## Your assignment:
From the first line of the data below through the line bearing "Antler wedge tool.", reproduce each line exactly; do not include pictures.

──────── Given records

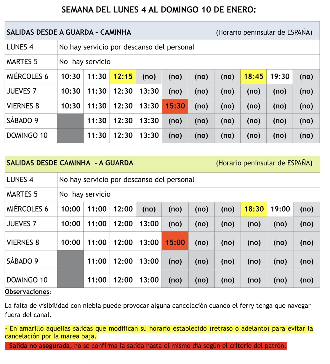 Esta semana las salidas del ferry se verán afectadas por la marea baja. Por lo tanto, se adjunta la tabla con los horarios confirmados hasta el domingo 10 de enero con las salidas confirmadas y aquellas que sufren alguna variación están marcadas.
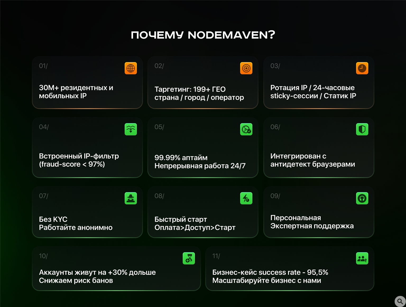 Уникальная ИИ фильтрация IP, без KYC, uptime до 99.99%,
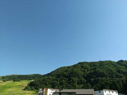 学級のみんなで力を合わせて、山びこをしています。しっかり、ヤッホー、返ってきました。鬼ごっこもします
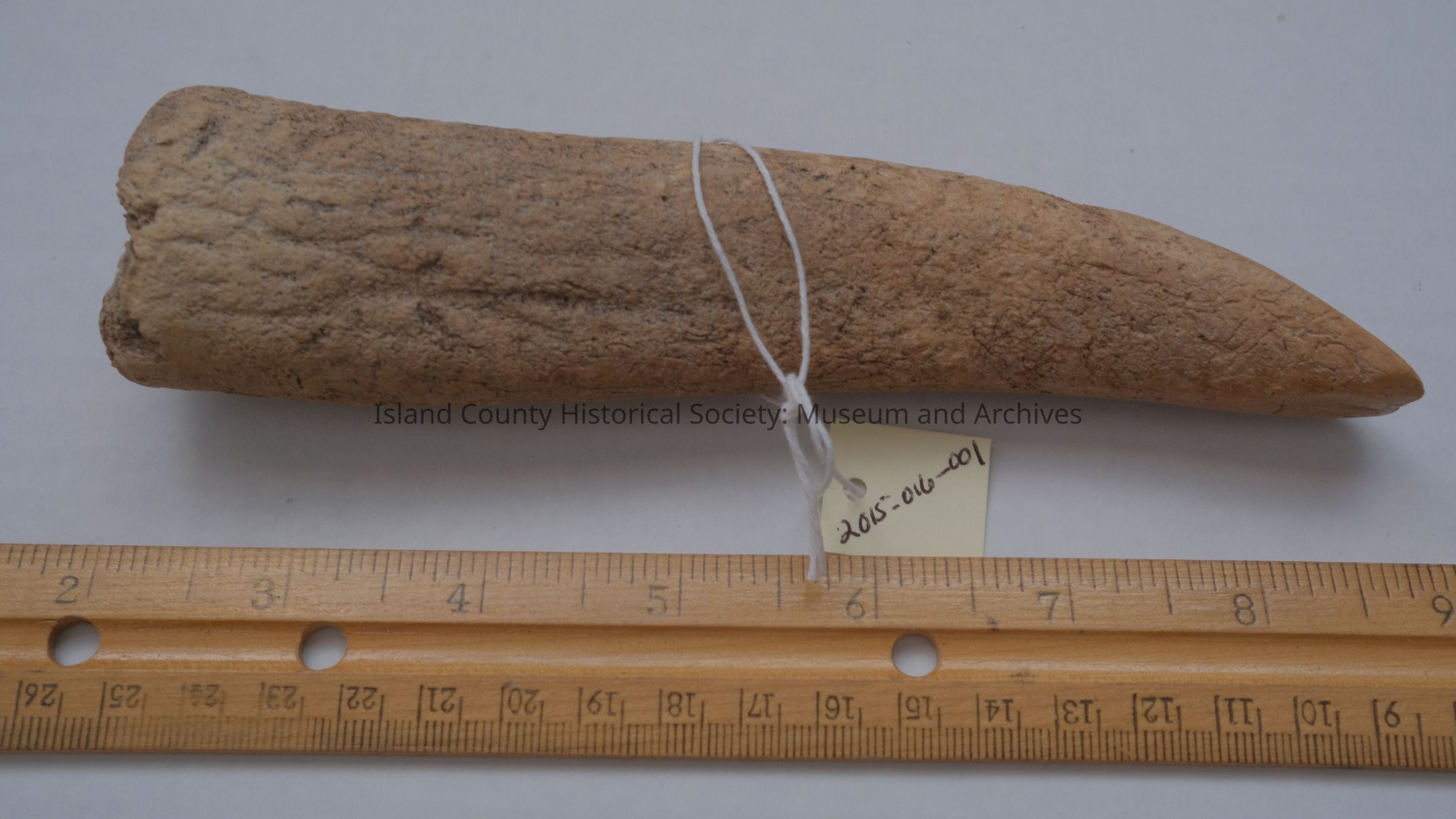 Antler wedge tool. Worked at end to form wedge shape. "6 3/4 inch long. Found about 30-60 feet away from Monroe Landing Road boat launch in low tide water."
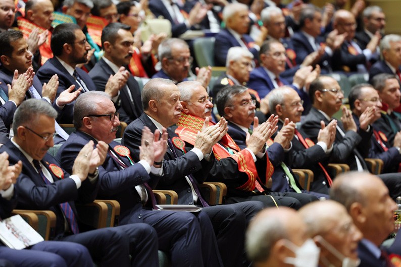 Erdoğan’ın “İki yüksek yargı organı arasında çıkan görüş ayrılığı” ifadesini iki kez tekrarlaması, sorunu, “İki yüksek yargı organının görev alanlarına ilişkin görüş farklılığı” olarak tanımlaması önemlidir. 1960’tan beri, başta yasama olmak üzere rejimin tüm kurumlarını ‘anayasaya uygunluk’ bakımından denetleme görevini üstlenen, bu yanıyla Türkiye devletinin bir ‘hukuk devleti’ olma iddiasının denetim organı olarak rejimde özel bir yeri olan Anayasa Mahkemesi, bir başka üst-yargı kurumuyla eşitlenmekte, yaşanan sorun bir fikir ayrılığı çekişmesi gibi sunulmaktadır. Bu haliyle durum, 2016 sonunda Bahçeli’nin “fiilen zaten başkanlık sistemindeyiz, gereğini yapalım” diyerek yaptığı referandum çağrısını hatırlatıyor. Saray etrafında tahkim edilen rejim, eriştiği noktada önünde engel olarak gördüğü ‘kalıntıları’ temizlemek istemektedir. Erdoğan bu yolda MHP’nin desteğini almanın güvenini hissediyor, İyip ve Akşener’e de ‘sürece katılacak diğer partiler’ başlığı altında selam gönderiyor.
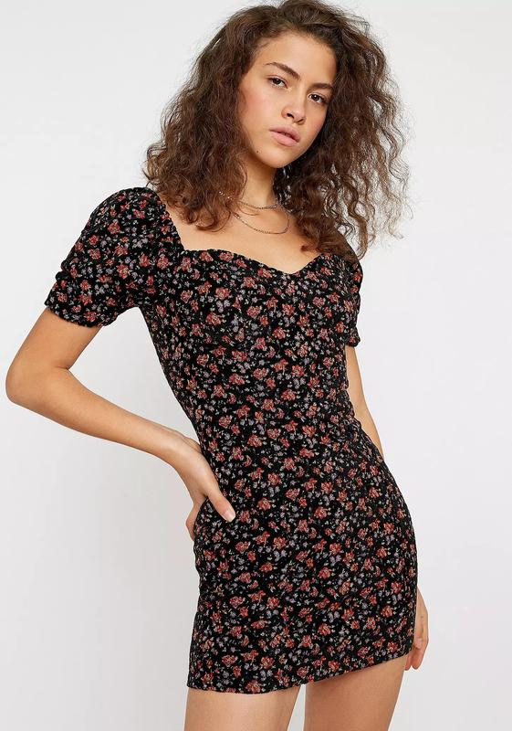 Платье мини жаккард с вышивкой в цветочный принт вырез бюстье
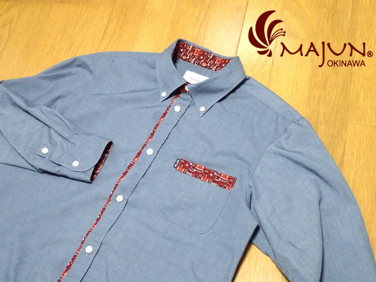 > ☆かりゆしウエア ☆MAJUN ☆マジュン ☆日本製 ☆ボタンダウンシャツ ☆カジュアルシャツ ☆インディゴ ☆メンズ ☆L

────────────────

## Exercise answer:
 Esta semana las salidas del ferry se verán afectadas por la marea baja. Por lo tanto, se adjunta la tabla con los horarios confirmados hasta el domingo 10 de enero con las salidas confirmadas y aquellas que sufren alguna variación están marcadas.
 Уникальная ИИ фильтрация IP, без KYC, uptime до 99.99%,
 学級のみんなで力を合わせて、山びこをしています。しっかり、ヤッホー、返ってきました。鬼ごっこもします
 Antler wedge tool. Worked at end to form wedge shape. "6 3/4 inch long. Found about 30-60 feet away from Monroe Landing Road boat launch in low tide water."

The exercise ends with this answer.